According to the above-described invention, the illumination device corresponding to various uses can be realized in a compact manner.

According to the illumination device and the illumination apparatus of the present invention, it is possible to control the light distribution characteristics in the two axial directions and optimize the light distribution characteristics with only one optical member. Therefore, it is possible to realize an illuminating device excellent in design without using a reflector or the like, and to realize an illuminating device having excellent horizontal illuminance and vertical illuminance.

Further, according to the illumination device of the present invention, since the geometric center axis of the light source and the lens is shifted, the light is preferentially emitted in a direction inclined from the normal direction of the surface on which the light source is arranged. Can be widened or squeezed. As a result, it is possible to efficiently spread the light by mounting the light source on a lighting device that is tilted in a V shape or the like, so that it is possible to realize a lighting device with better light distribution characteristics. It becomes.
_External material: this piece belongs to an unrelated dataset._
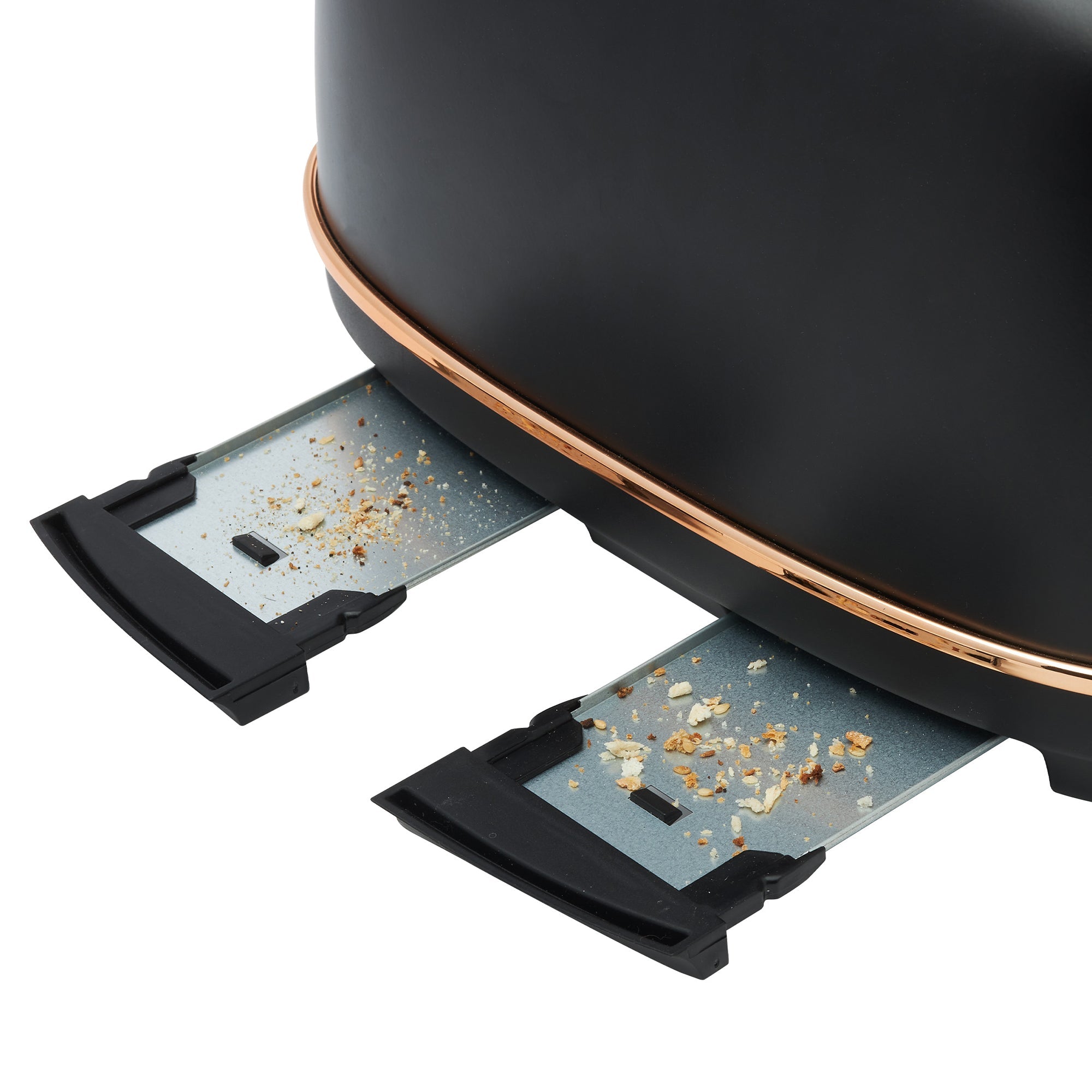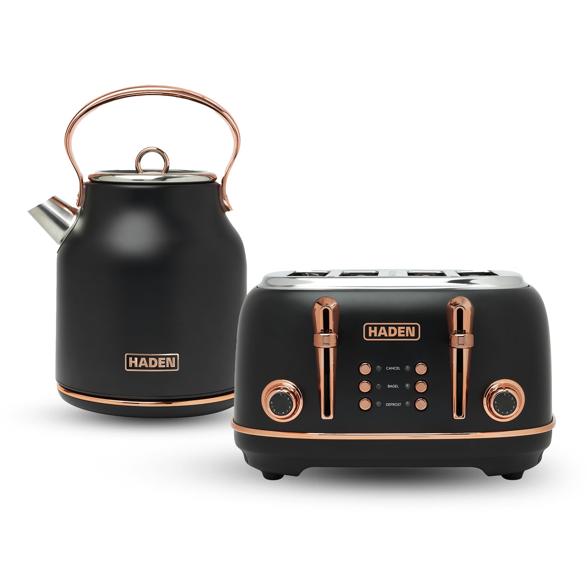 Inspired by British homes, architecture, and landscapes, this HADEN Heritage toaster and kettle feature a chic Black & Copper color scheme.

In addition, even when the light source area becomes large due to a plurality of light sources, the illumination device is compact, and the illumination device equipped with the illumination device has excellent light distribution characteristics without causing an increase in size. An apparatus can be realized.
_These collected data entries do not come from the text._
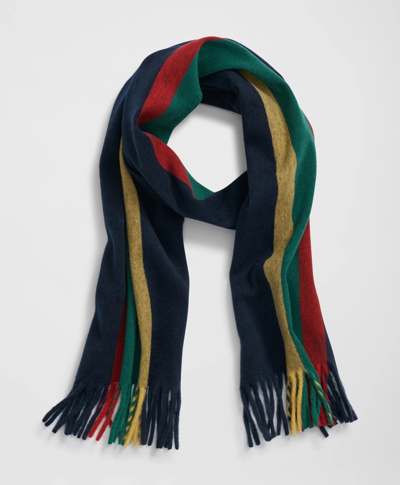 Crafted in Scotland, our classic fringe scarf is cast from ultra-soft lambswool yarn for an elevated approach to your outerwear style. You'll love wearing this prep-inspired pattern when the weather turns.
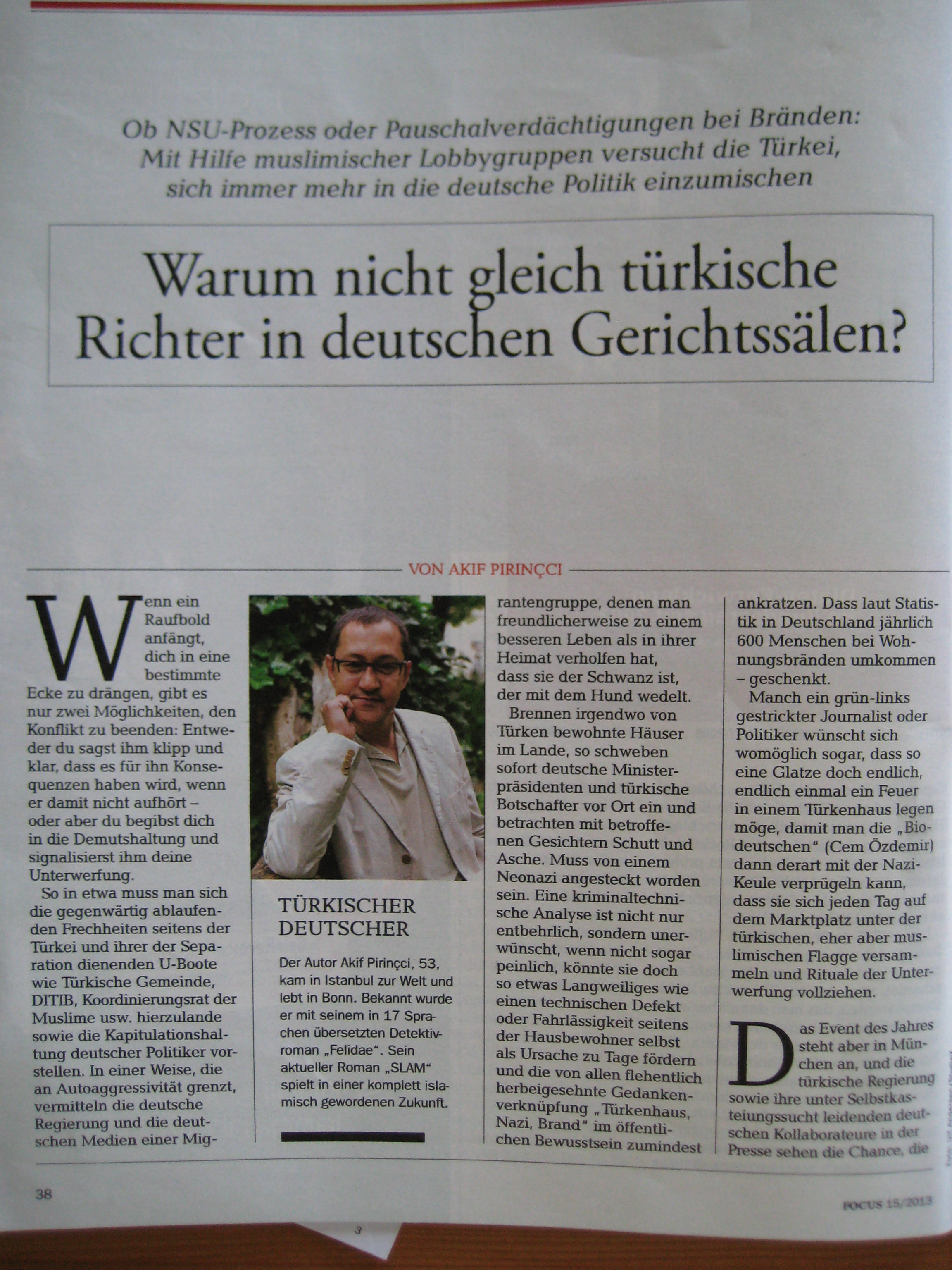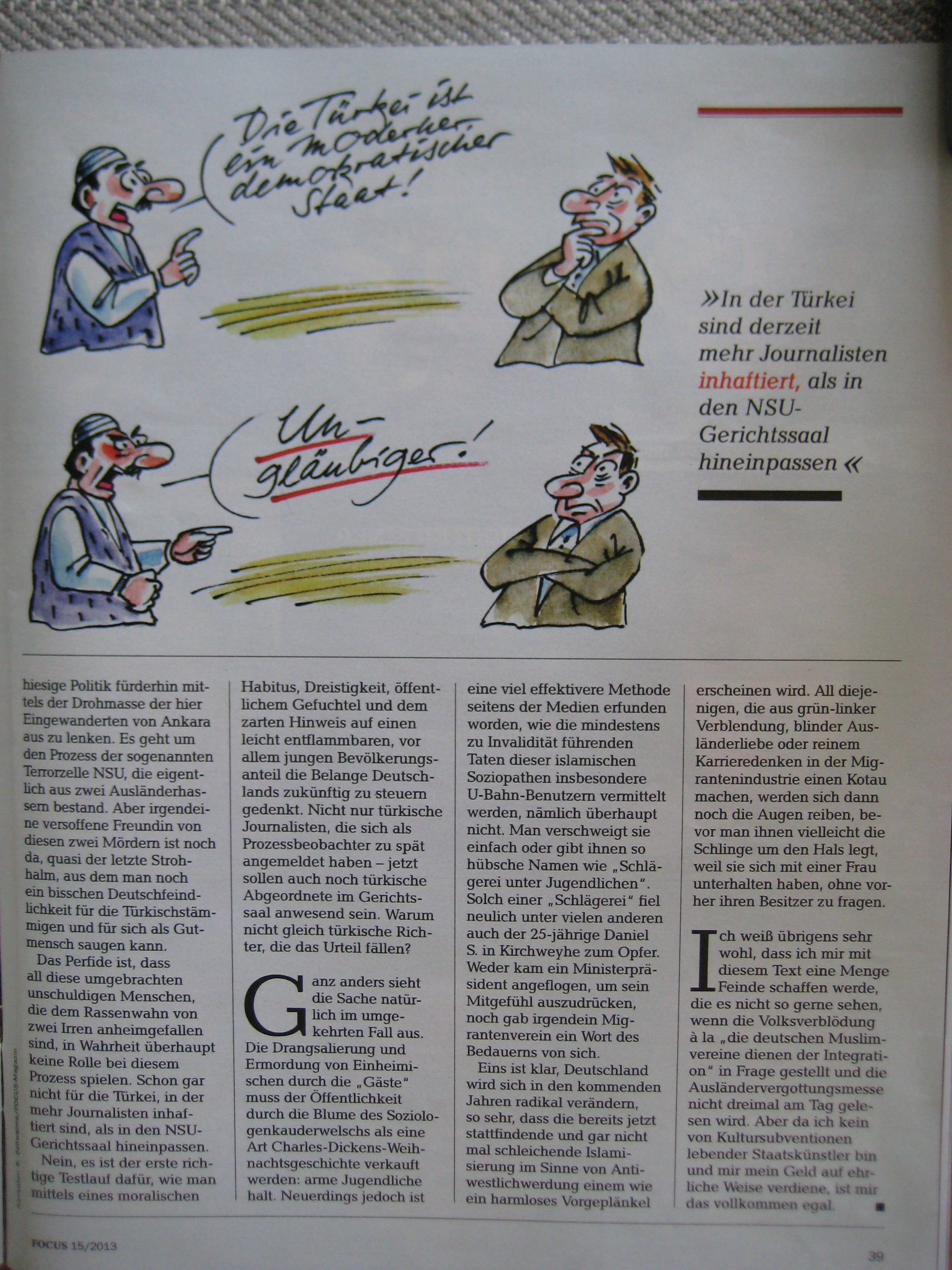 Hier der Wortlaut des Artikels von Akif Pirinçci in der Print-Ausgabe des Focus vom 8.April 2013:
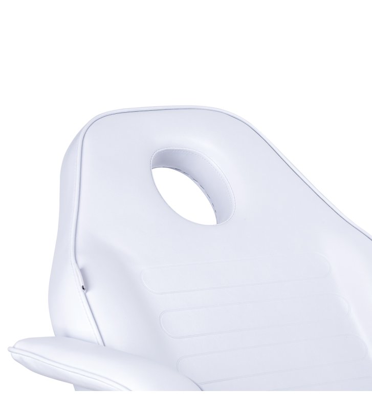 Wysokość fotela można dostosowywać w zakresie 62-75 cm bez użycia rąk za pomocą pompy hydraulicznej. Pozwala to na komfortowe korzystanie ze sprzętu osobom o różnym wzroście i umożliwia dostosowanie go do indywidualnych potrzeb zarówno klienta, jak i osoby wykonującej zabieg. Zastosowany mechanizm jest bardzo trwały i niezawodny. Dzięki otworowi w zagłówku, który jest ukryty pod odpowiednio wyprofilowaną poduszką, fotel doskonale sprawdzi się również przy zabiegach przeprowadzanych na plecach, takich jak masaże.
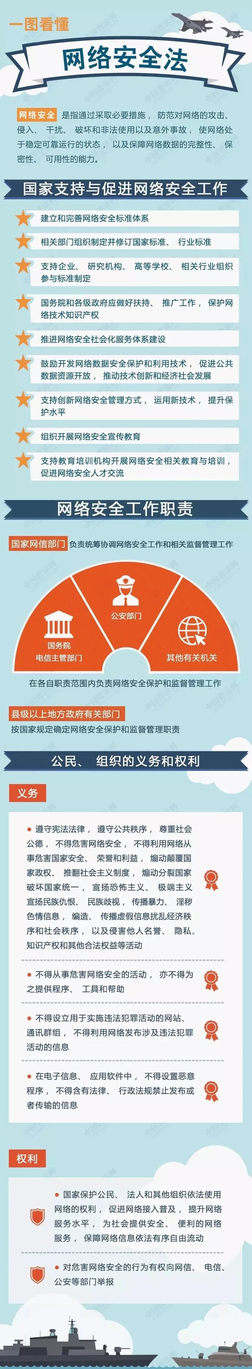 《中华人民共和国网络安全法》于2016年11月7日发布,自2017年6月1日起施行,是我国第一部全面规范网络空间安全管理方面的基础性法律。
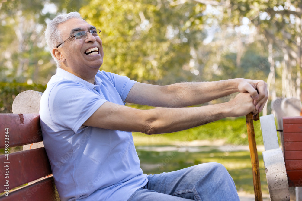 Fototapeta Happy senior man with walking cane at park
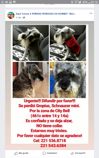 Se perdio el dia de hoy a las 9 de la mañana aproximadamente

It is a figure for demonstrating the lighting device of 1st Embodiment of this invention. It is a figure for demonstrating an example of the illuminating device using the said illuminating device. It is a figure which shows the simulation result of the light distribution characteristic in the case where the illuminating device of 1st Embodiment is applied to the illuminating device of FIG. 2, and a comparative example. It is a figure for demonstrating the lighting device of 2nd Embodiment of this invention. It is a figure which shows the simulation result of the light distribution characteristic at the time of applying the illuminating device of 2nd Embodiment to the illuminating device of FIG.

Hereinafter, the present invention will be described in detail by the following embodiments.

In the following description, members having the same function and action are denoted by the same reference numerals and description thereof is omitted.
(First embodiment)
FIG. 1 is a diagram for explaining the outline of the lighting device 10 according to the first embodiment, in which FIG. 1A is a perspective view, FIG. 1 (c) is a cross-sectional view taken along the line BB of FIG. 1 (a).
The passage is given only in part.